PART I—REFLECTIONS ON PROJECTIONS (WITH DIGRESSIONS ON REGRESSIONS)

I started on this little adventure wondering how hard it was to approximate the results of the major systems’ projections using a pretty low-IQ approach.  With hitting it’s shockingly easy.  For hitters, and especially for hitters with a modicum of MLB experience, the projection systems are fun and all, but they basically provide no added value over a really simple, intuitive projection system—the sort of thing you’d do in your head in about 10 seconds looking at the back of a baseball card.  Tom Tango’s MARCEL is designed to be exactly this sort of "dumb" system, and after reading this post by Tango, it’s hard to avoid the conclusion that none of the "smart" systems really provide meaningful separation from MARCEL when projecting hitters.  Here are Tango’s results for the average error the systems produced on wOBA, a measure of overall offensive performance:

0.0272 Chone 
0.0273 Oliver 
0.0277 Zips 
0.0278 Marcel 
0.0280 Pecota

You’ll notice that there isn’t that much action in those numbers at all until you get to the fourth decimal place.  Nobody in normal usage, as far as I know, rounds wOBA or any other baseball stat to the fourth decimal place.  Comparables, BABIP analysis, park factors, and all that other fancy jazz they throw into the stew—it gives you varied and maybe "funner" projections, but when it comes to actually predicting the future, the value added is microscopic to nonexistent.

Is it any different for pitchers?  Let’s examine a group that’s relatively to project:  established MLB starters, defined as having at least 300 IP as a starter over the previous 3 years.  For my convenience, we’re just going to look at predicting 2009 and 2010 results.  I’m also going to limit the data to pitchers who ended up pitching at least 65 innings in the year we’re trying to predict, since we’re not really interested in explaining the oddities of pitcher ERAs in small sample sizes.  (This also adds selection bias and I’m fine with that—the goal here is to predict the ERAs of pitchers that actually end up pitching in MLB, not how well pitchers would have pitched if they had been in MLB.)  It gives us a group of 164 pitcher seasons.

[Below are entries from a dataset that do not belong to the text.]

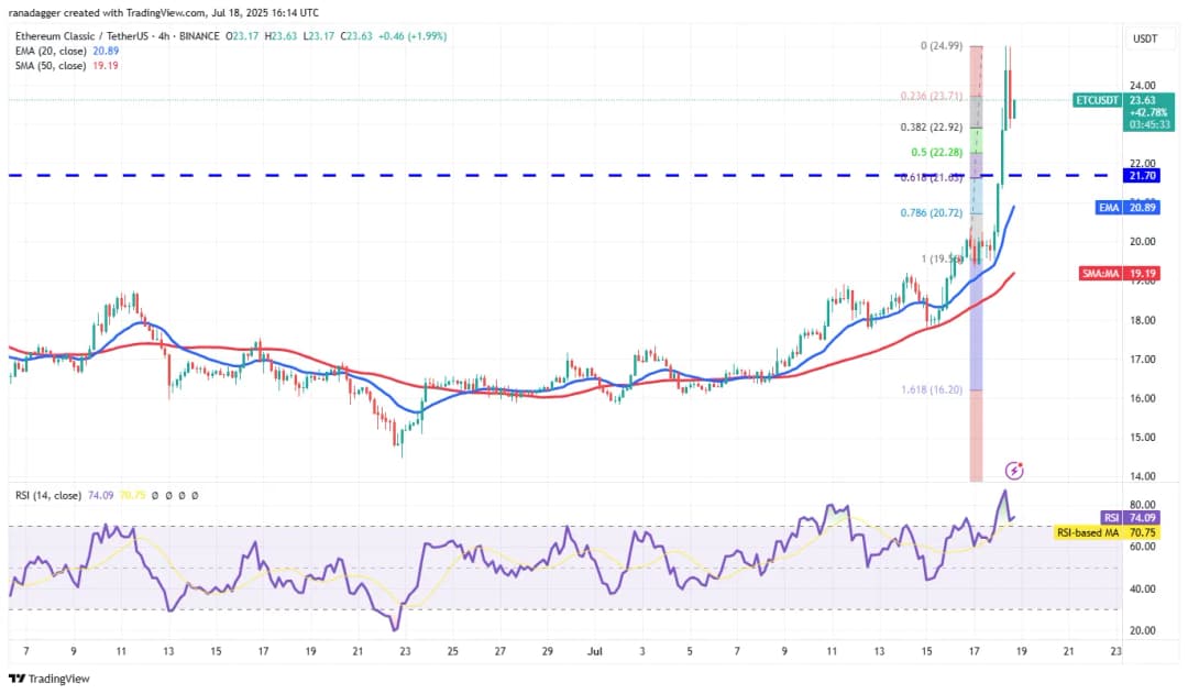 اتریوم کلاسیک (ETC) جمعه بالای مقاومت ۲۱.۷۰ دلار جهش کرد که نشان از بازگشت قوی خریداران دارد. این رشد سریع RSI را به منطقه اشباع خرید برده و امکان اصلاح کوتاهمدت یا نوسان قیمت را افزایش داده است. اگر قیمت از حمایت ۲۱.۷۰ دلار با قدرت بازگردد، احتمال رشد تا ۲۷ دلار است، اما کاهش به زیر این سطح نشاندهنده رد شکست است و قیمت میتواند تا EMA ۲۰ روزه (۱۸.۵۰ دلار) بریزد.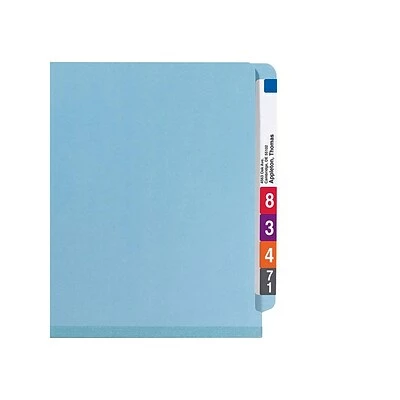 Make large files easier to browse with these legal-size classification file folders. The SafeSHIELD fasteners protect you from cuts while holding papers secure, and the 23-point pressboard material offers added durability. These Smead SafeSHIELD end-tab classification file folders have two dividers that work with the fasteners to provide six filing surfaces, so even the largest files become manageable.
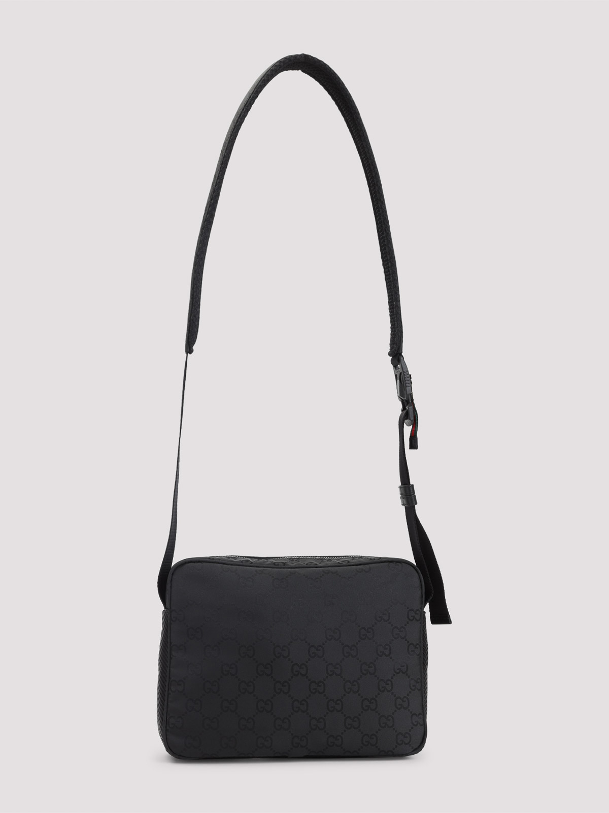 Gucci nexus black polyamide shoulder bag. crafted from black gg nylon, silver-toned hardware, top zip fastening, tonal signature on the front, two zip pockets on the front, one inner zip pocket, adjustable shoulder strap, nylon lining.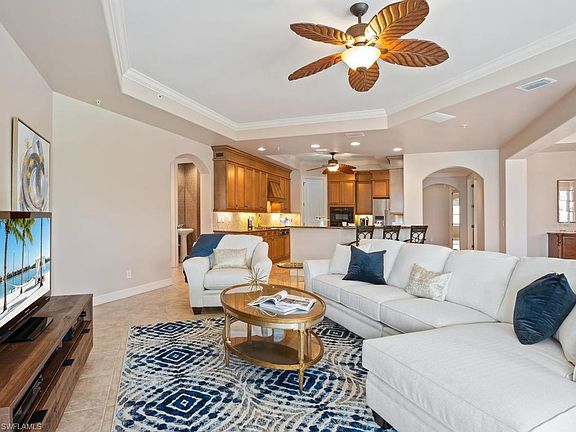 This beautiful Vivaldi beachfront condo offers pristine views from your wraparound lanai. The prestigious community boasts two private lakes with boating docks to Miromar Lakes restaurants, beach clubhouse, peninsula and bocce courts. Enjoy nightly sunsets from your lanai or on the beach just a few short steps away. Once inside this home you will see an open floor plan that occupies the entire 2nd floor of a 3 story low-rise with a private elevator entrance. This 3 bedroom +den, 3 1/2 bath condo is newly furnished and offers one of the most sought after floor plans in Miromar Lakes, including upgrades throughout, new stainless steel Kitchen Aid dishwasher and refrigerator, a private 2 car garage, and a brand new air conditioning unit. This is a must see property! Live in luxury with unparalleled amenities including an award winning beach clubhouse, marine services, boat rentals, private docks, tennis, fitness center, biking, motorized and non-motorized water sports, waterfront dining, state-of-the-art theater, golf, concierge service and a full service spa. Come see the #1 community in the United States and make this beautiful condo your dream home!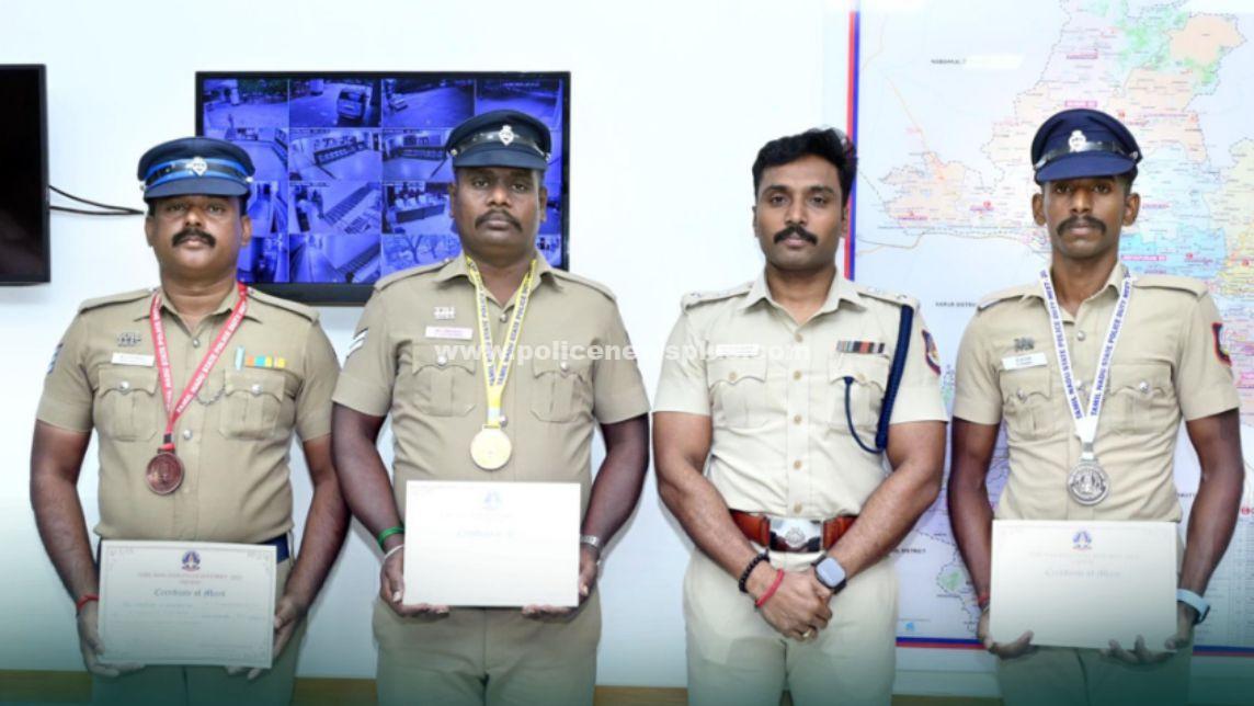 திருச்சி: (30.07.2025) முதல் (04.08.2025) வரை சென்னை ஊனமாஞ்சேரியில் நடைபெற்ற 69-ஆம் ஆண்டு காவல்துறை திறனாய்வு போட்டியில் திருச்சி மாவட்ட காவல்துறை சார்பாக கலந்து கொண்டு பதக்கங்கள் வென்ற காவலர்கள் திருச்சி மாவட்ட காவல் கண்காணிப்பாளர் திரு.செ.செல்வநாகரத்தினம், இ.கா.ப., அவர்களிடம் பாராட்டு பெற்றனர்.
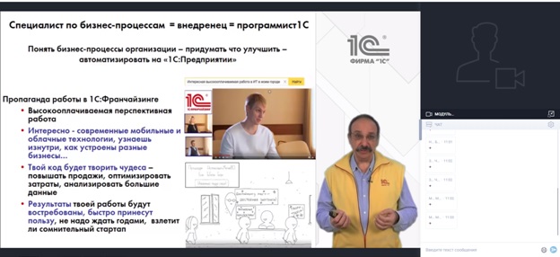 В профессиональное сообщество «1С» входят сотни тысяч человек – сотрудники фирм-франчайзи и ИТ-специалисты разных компаний. На старте и в процессе работы молодые специалисты имеют возможность разностороннего общения и обмена опытом с многочисленными коллегами, участия в профессиональных сообществах, форумах и конференциях.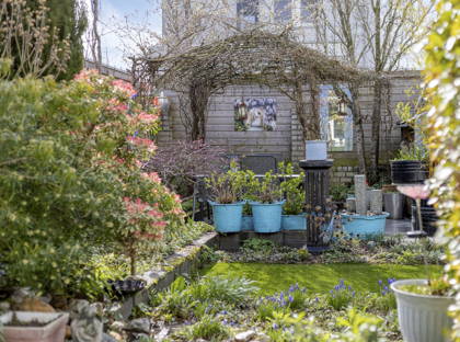 + De tuin is een sfeervolle groene oase door het gazon, de boompjes en de kleurrijke plantjes en bloemen.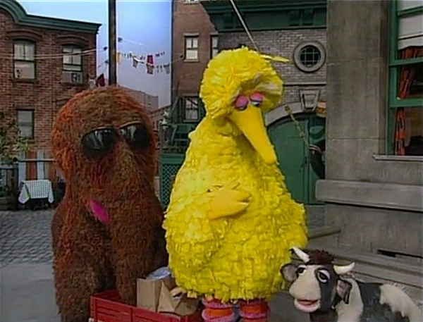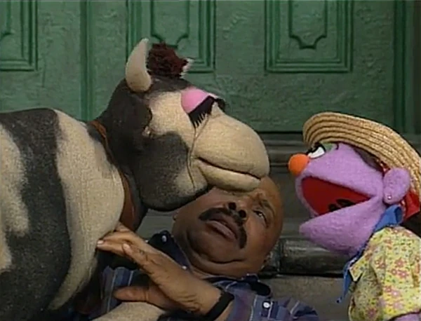 SCENE 6 | The wheel is fixed, so the train can resume its route. Big Bird and Snuffy start to approach the steps when a cow (Alice Dinnean) unexpectedly blocks their path in front of the building. Gordon suggests going around it, but Big Bird reminds him how they can't go off their tracks. Snuffy suggests doing something fast as he's allergic to cow hair. Big Bird tries asking the cow to move, but when that doesn't work Snuffy delivers a strong sneeze, blowing the cow away from the tracks and on top of Gordon! The cow's owner (Stephanie D'Abruzzo) shows up looking for her bovine Mary Elizabeth, telling her she can play with her "little friends" later before they go. |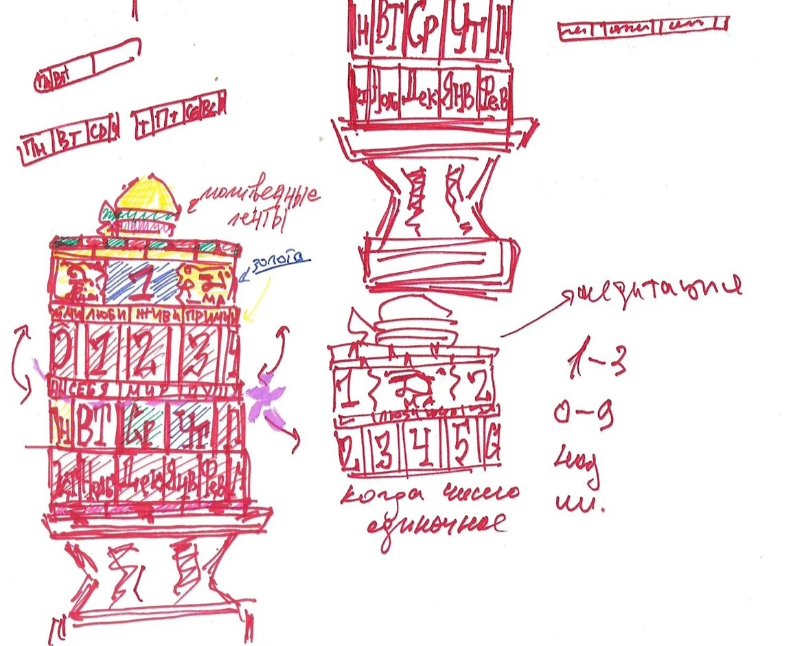 Он направлен на физическое взаимодействие. Каждая секция крутится, человек самостоятельно выстраивает дату, что делает календарь бесконечным.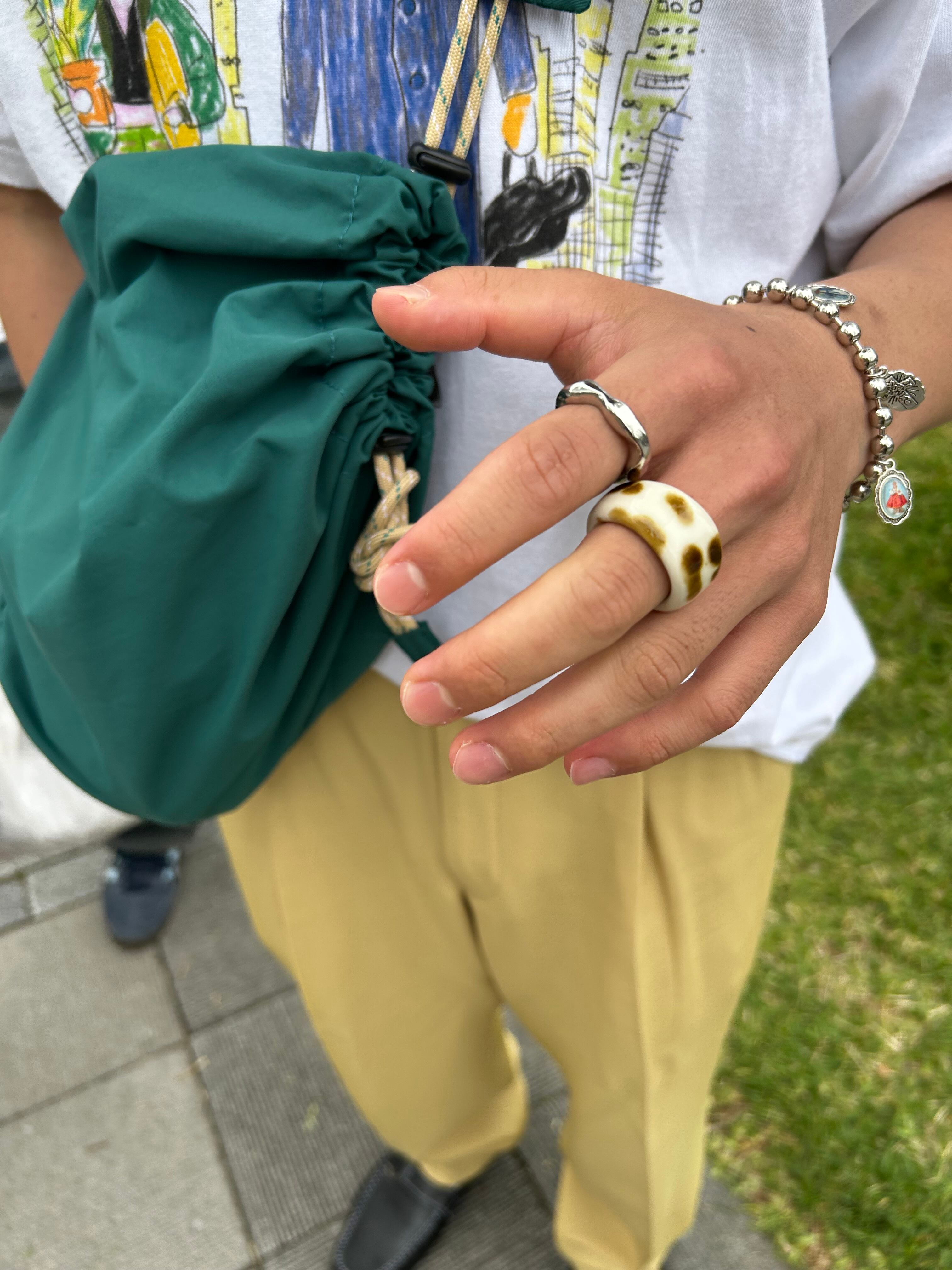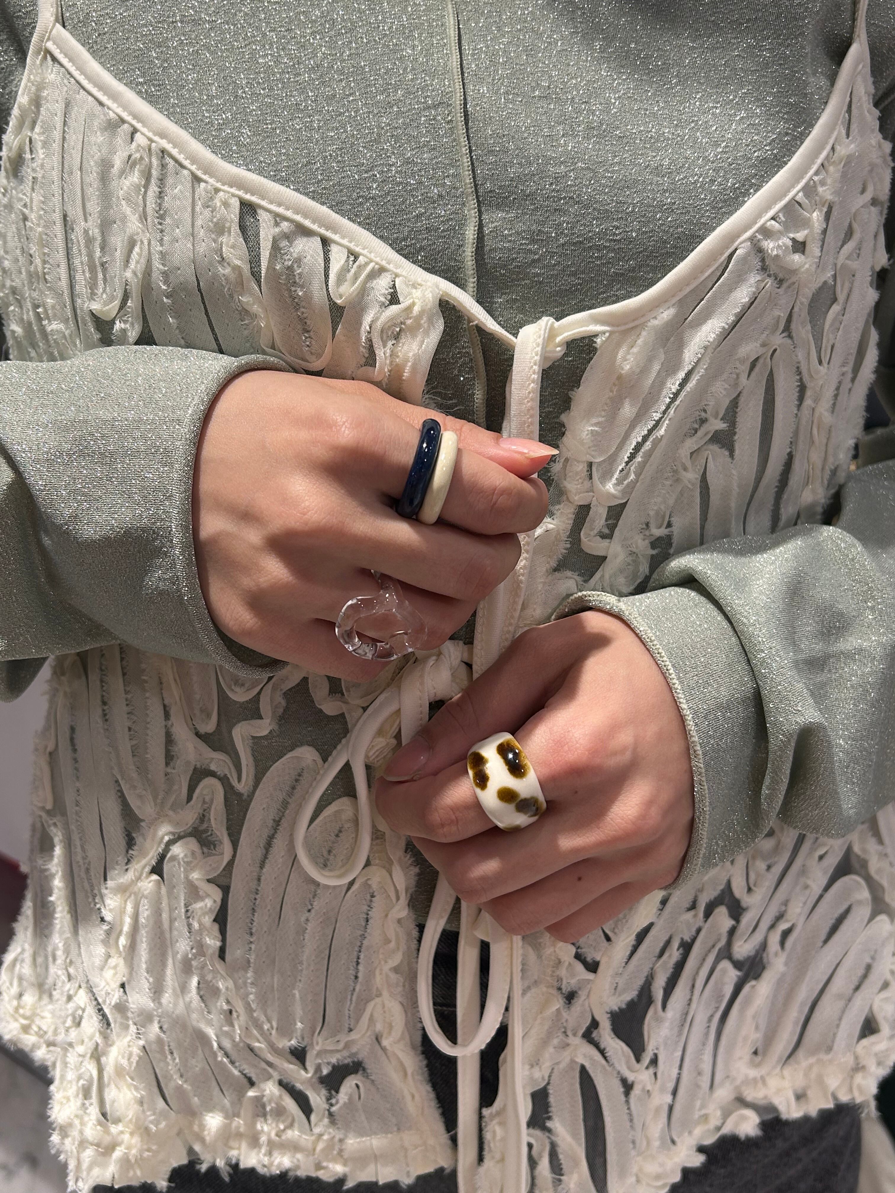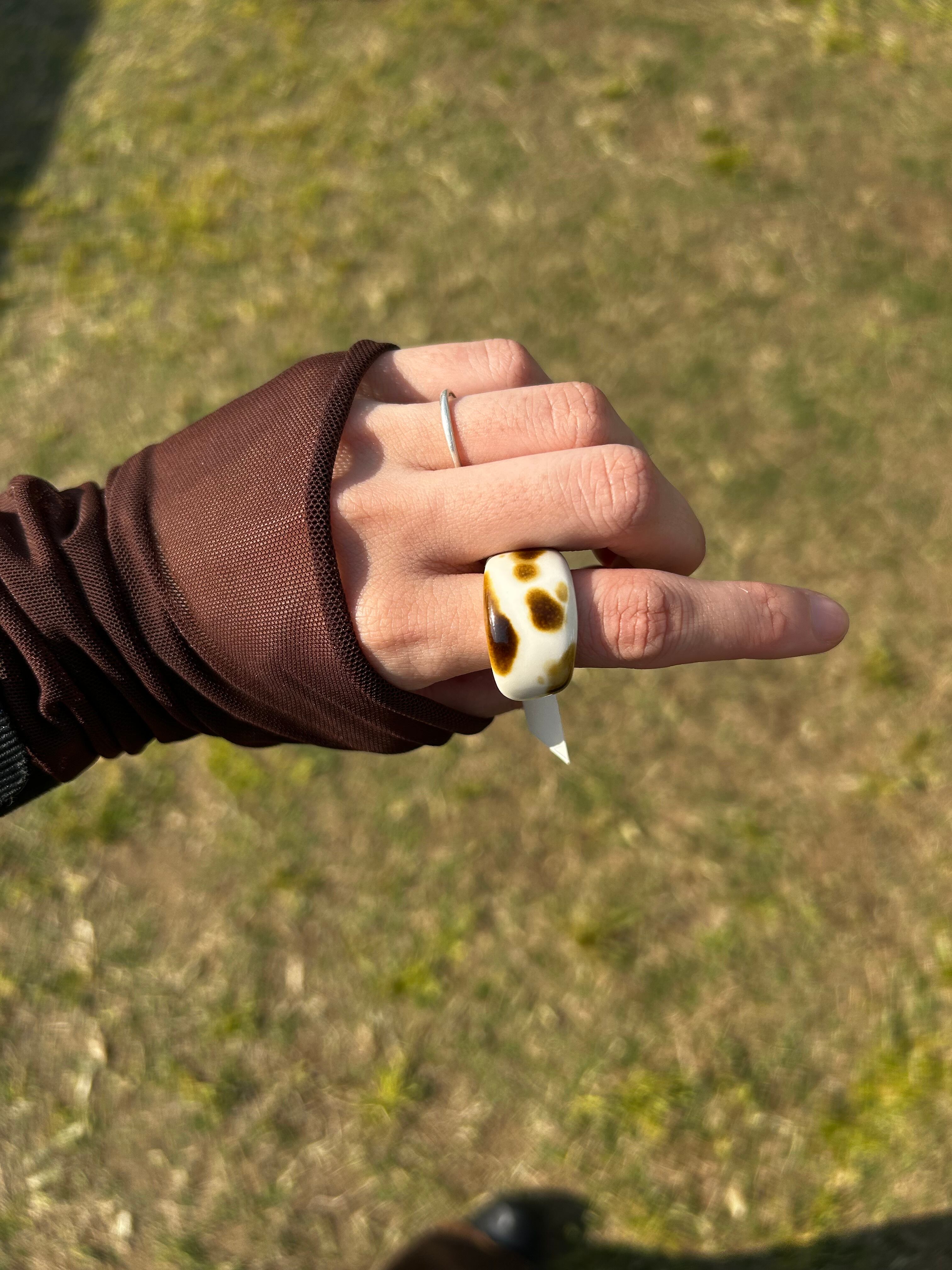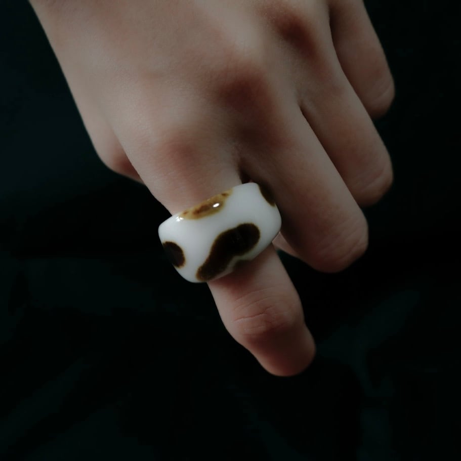 ぽってりとしたフォルムに、牛柄のような模様をまとった陶器リング。

Here is a comparison of various methods of predicting pitcher ERA.  They are measured by average error—basically how far off the mark the ERA projections are on average.  You might be surprised at how wrong they tend to be.

Previous year’s ERA: 0.91

3-year weighted ERA with 4,3,2 weighting: 0.90

PECOTA: 0.89

MARCEL: 0.89

CHONE: 0.88

ZIPS: 0.87

 

(Some systems have several versions that all come out before the start of the year and in those cases I tried to get the latest version I could find.  Some error on my part in assessing the systems is also entirely possible.)

In terms of "R squared"—basically how much variance in player ERA the system explained with its projections—the systems range from about 0.10 for previous-year ERA to 0.17 for ZIPS.  So a pitcher’s previous year’s ERA explains about 10% of the variance in their ERA for the following year while MARCEL explains about 15%, and ZIPS 17%.

This is not a very high degree of precision folks.  And no one is really blowing MARCEL and the basic ERA predictions out of the water.  If you guessed that every one of these pitchers would simply match their previous year’s ERA you’d probably be labeled a complete baseball-stat knuckle dragger, but on average, you’d only be 0.04 ERA wrong-er than the best of the these projection systems, ZIPS.  You’d probably have a worse projection than ZIPS for 55% of pitchers or so, but hell, for the rest you’d actually be closer!

It’s something to think about whenever you get your lunch money taken by a stat-head bully.  As far as I can see, the sabermetric revolution just hasn’t revolutionized our ability to predict the baseball future.  MARCEL is pretty close to the leaders and MARCEL is supposed to be stupid.  It’s basically the 4,3,2 weighted-ERA method but with some added regression to the mean and an age adjustment.  It’s not designed to be a good system.  But the systems that are designed to be good are only ever-so-slightly better...and occasionally worse!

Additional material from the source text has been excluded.